My biggest linguistic surprise has come from the language with which I expected the least trouble. English is English, or so I thought. I’m realizing more and more that even when I’m communicating in English there are subtle gaps in meaning that can often bedevil the conversation. So I’ll think that I’ve scheduled to meet one of my friends at a certain place only to find that he’s somewhere else. Or I’ll plan a route to run with one of the guys on the cross country team only to find out that we meant radically different courses. It’s hard to explain because I don’t understand what’s going on myself. Part of the story is that the vast majority of homes do not speak a European language as their first language. But I don’t want to imply that the gaps in communication are emerging because the people I’m talking to somehow have an inferior grasp of the English language. Quite the contrary. To hazard a terribly speculative guess, I think that languages are systems of meaning and that you impose your mother tongue’s system of meaning onto your new language, but the overlap isn’t perfect.

One final thought on language. Ghana has about forty different ethnic groups. Although a strong plurality of them speak Twi, linguistic fragmentation is a fact of life here as in much of the rest of Sub-Saharan Africa. English as a national language is problematic, but I wonder if without it, would the nation even be possible?

02 October, 2008

Akuafo Hall Fountain

The Beautyful Ones Are Not Yet Born

Eid Mubarak, a few days late.
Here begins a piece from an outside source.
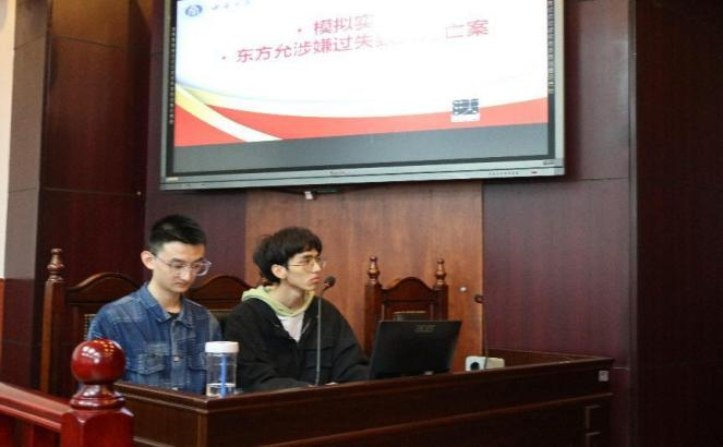 论坛第一个疑难案例为“东某某过失致人死亡案”,员工通过模拟法庭的形式就这一案件进行了实战演练。本次庭审由吴广哲法官担任审判长,六位同学分别担任公诉人、辩护人、被告人与证人。

Tuesday was Eid al-Fitr, the conclusion of the month of Ramadan, which means that many of my friends on campus (Yes, I do have many friends) can now partake in food and water during daylight hours. President Kuofor declared Eid al-Fitr a national holiday just a few years ago.
Speaking of the President, I just learned that he was an active member of the Rotary Club of Accra, my very own host club. Continuing the free association, I just joined two other Ambassadorial Scholars in giving brief presentations on our backgrounds and respective cultures to the club. I exchanged the flag of the Downtown Greenville Club with the President of the Accra club.
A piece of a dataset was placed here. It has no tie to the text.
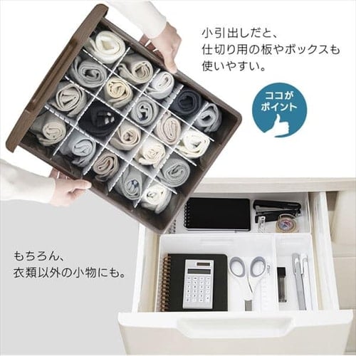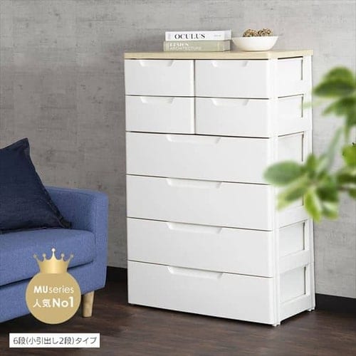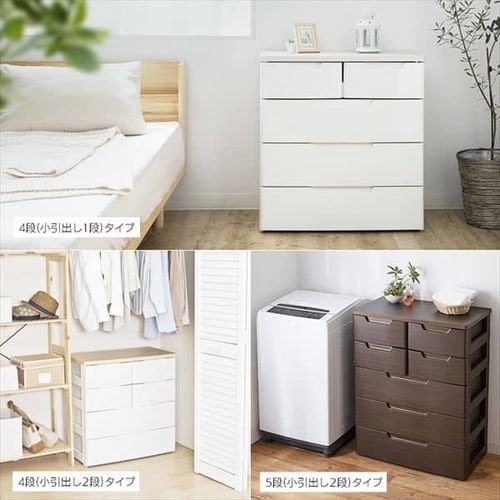 小引き出しには小物、大きい引き出しには衣類など 1つのチェストで様々なものを収納できます。

I’ve been doing a lot of reading since I arrived. I just completed Ayi Kewi Armah’s The Beautyful Ones Are Not Yet Born. Armah (b. Takoradi, Ghana 1939) penned this scathing critique of political corruption in post-independence Ghana just eleven years after the country attained independence. The novel’s setting straddles the end of the Nkrumah regime and the first military government, so circa 1966. Images of pollution and filth permeate the work. It is a book about life after the death of hope, of a dream rotting on the vine. I highly recommend it.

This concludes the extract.